The Budget last month turned out to be a rather subdued affair in the end, which means the tax changes announced on 7 September will have a much greater impact on a greater number of people.
This day of tax hikes, an unusual event outside a Budget, saw the government announce a rise to national insurance (NI) rates for 2022/23, followed by the introduction of the new health and social care levy (HSCL) from 2023/24, to help pay for the NHS backlog caused by Covid-19 and reforms to social care.
These changes will hit the take-home pay of millions in the UK. And do not forget, there is also an increase in all dividend tax rates from April 2022.
All of this was confirmed in the Budget, along with one small piece of good news for taxpayers. Unlike the allowances for income tax, which have been frozen for five years, we will see increases to the NI limits and thresholds for 2022/23 (excluding the upper earnings and upper profits limits, which will stay at current levels in line with the higher-rate threshold for income tax).
Based on September’s consumer price index figure of 3.1%, this means the lower earnings limit – the level from which employees start paying NI – will rise from £9,568 to £9,880, slightly softening the blow of the 1.25 percentage point increase in NI that employees, employers and the self-employed will have to pay.
A heavier load
Frozen income tax allowances and increased NI mean taxpayers will pay more from next year. In fact, the tax burden is set to be the highest since the Labour government of the early 1950s, according to the Office for Budget Responsibility.

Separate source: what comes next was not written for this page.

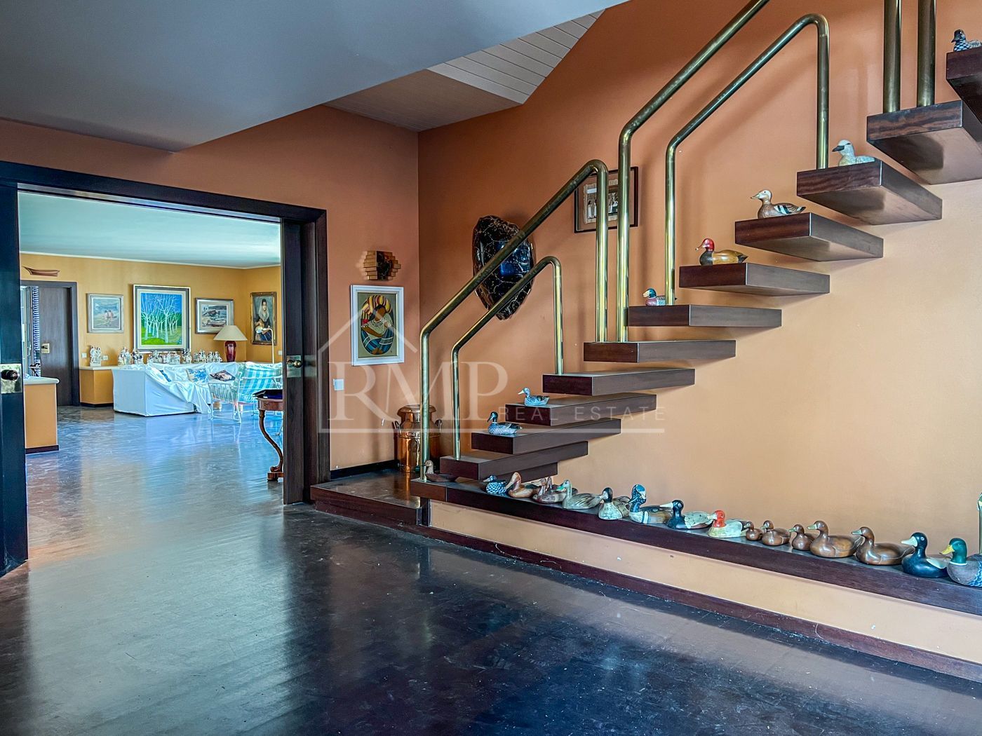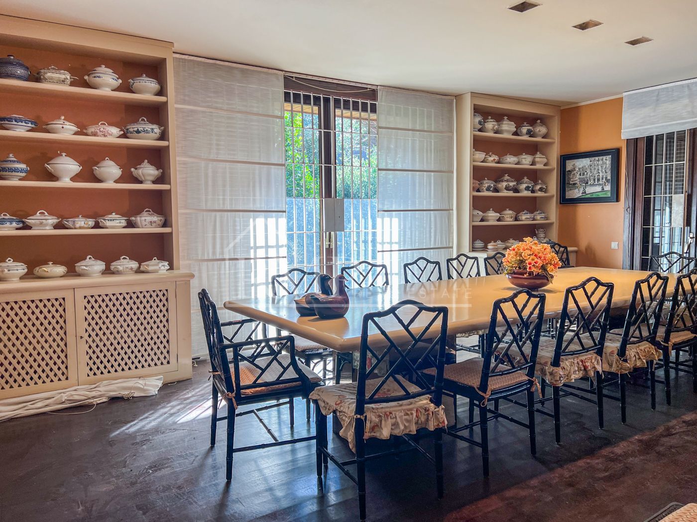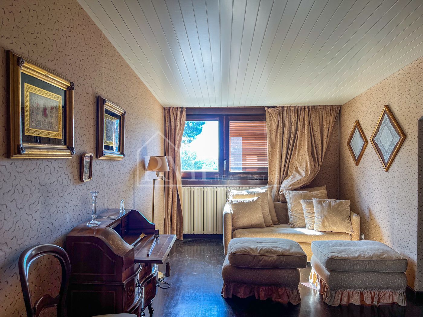 La entrada principal con su elegante puerta de madera da paso a un gran recibidor a dos alturas. El salón es una de las estancias más grandes y se convierte en la habitación ideal para reunir a toda la familia alrededor de la chimenea los días de invierno. Los grandes ventanales hacen que tenga luz solar durante todo el día. En el comedor impera una magnifica mesa con capacidad para 12 personas y destaca también por su luminosidad.

In light of this, salary sacrifice is now even more attractive. This arrangement allows employers to reduce employees’ take-home pay in return for a non-cash benefit such as pension contributions or childcare vouchers, and in the process reduce the NI payable by the employer and employee, as well as the employee’s income tax.
Employers only start paying NI on employee wages above the secondary threshold. The secondary threshold is due to rise by 3.1% next April, to £175 per week. This means the NI savings for employers will be 15.1% on all salary sacrifice contributions where earnings are above the secondary threshold.
For an employee making a £40,000 contribution out of earnings above the threshold, this saves the employer £6,020. The employer could pass some, or all, of this saving on to the employee if they wish.
The employee could save up to £5,300 in NI contributions if the whole salary sacrifice fell between the primary threshold (the point at which employees start paying NI) and the upper earnings limit (the point at which they pay a reduced level of NI).
From 2023/24, when the HSCL comes into play, salary sacrifice will also be effective in reducing liability for this too. And for employees above state pension age, it is worth noting that, although they do not pay NI, they will be liable to the HSCL when it comes into effect.
For these older workers, there is no tax advantage to salary sacrifice over making personal pension contributions, unless their employer passes on some of the savings. This will change from April 2023, as both the employee and employer will be subject to the HSCL. The total savings will be 2.5% on earnings above the threshold, in addition to the employer’s NI savings.
Dividend tax rates will also increase next April – with each rate rising by 1.25% from 7.5%, 32.5% and 38.1% to 8.8%, 33.8% and 39.4%, respectively.
This represents an increase of more than 16% on the basic rate and is another reason to make contributions via salary sacrifice. Put your money into your pension to invest so you avoid the dividend tax hike.
There had been fears that the government would tinker with salary sacrifice rules for pension contributions as they are becoming almost too attractive. With the Budget behind us, it looks like we are on the back straight, with salary sacrifice options available to help us overtake some of the tax rises – at least until we reach the next corner of the track.